◆ **Data for the task**
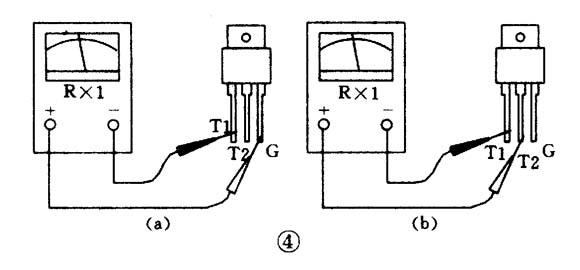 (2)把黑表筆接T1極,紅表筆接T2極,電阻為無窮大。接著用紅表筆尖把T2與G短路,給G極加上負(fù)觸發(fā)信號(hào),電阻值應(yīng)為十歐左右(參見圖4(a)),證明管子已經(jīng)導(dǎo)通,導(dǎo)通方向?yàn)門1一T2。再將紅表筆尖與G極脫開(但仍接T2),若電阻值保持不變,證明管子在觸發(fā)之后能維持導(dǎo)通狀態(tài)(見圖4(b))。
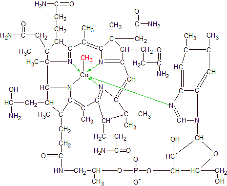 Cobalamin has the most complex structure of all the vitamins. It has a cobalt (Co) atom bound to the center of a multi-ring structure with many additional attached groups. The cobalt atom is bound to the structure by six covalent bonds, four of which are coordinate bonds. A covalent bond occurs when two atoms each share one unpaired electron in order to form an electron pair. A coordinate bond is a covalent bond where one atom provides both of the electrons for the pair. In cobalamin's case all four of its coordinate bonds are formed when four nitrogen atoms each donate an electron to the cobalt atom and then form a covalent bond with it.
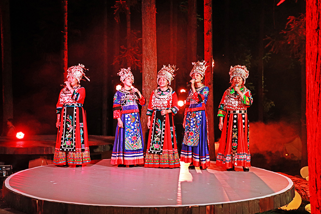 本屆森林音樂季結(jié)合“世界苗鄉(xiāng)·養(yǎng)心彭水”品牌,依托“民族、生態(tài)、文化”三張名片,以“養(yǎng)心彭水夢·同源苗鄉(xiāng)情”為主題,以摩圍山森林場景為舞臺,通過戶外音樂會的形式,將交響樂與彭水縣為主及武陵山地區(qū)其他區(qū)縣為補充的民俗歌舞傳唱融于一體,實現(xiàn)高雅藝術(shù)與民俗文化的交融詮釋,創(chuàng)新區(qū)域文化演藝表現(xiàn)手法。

==

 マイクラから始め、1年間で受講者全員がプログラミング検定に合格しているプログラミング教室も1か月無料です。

◆ **Problem description**
In the records above, find the line with "(2)把黑表筆接T1極,紅表". Print exactly from there through the line with "本屆森林音樂季結(jié)合", minus the pictures.

◆ **Answer below**
 (2)把黑表筆接T1極,紅表筆接T2極,電阻為無窮大。接著用紅表筆尖把T2與G短路,給G極加上負(fù)觸發(fā)信號(hào),電阻值應(yīng)為十歐左右(參見圖4(a)),證明管子已經(jīng)導(dǎo)通,導(dǎo)通方向?yàn)門1一T2。再將紅表筆尖與G極脫開(但仍接T2),若電阻值保持不變,證明管子在觸發(fā)之后能維持導(dǎo)通狀態(tài)(見圖4(b))。
 Cobalamin has the most complex structure of all the vitamins. It has a cobalt (Co) atom bound to the center of a multi-ring structure with many additional attached groups. The cobalt atom is bound to the structure by six covalent bonds, four of which are coordinate bonds. A covalent bond occurs when two atoms each share one unpaired electron in order to form an electron pair. A coordinate bond is a covalent bond where one atom provides both of the electrons for the pair. In cobalamin's case all four of its coordinate bonds are formed when four nitrogen atoms each donate an electron to the cobalt atom and then form a covalent bond with it.
 本屆森林音樂季結(jié)合“世界苗鄉(xiāng)·養(yǎng)心彭水”品牌,依托“民族、生態(tài)、文化”三張名片,以“養(yǎng)心彭水夢·同源苗鄉(xiāng)情”為主題,以摩圍山森林場景為舞臺,通過戶外音樂會的形式,將交響樂與彭水縣為主及武陵山地區(qū)其他區(qū)縣為補充的民俗歌舞傳唱融于一體,實現(xiàn)高雅藝術(shù)與民俗文化的交融詮釋,創(chuàng)新區(qū)域文化演藝表現(xiàn)手法。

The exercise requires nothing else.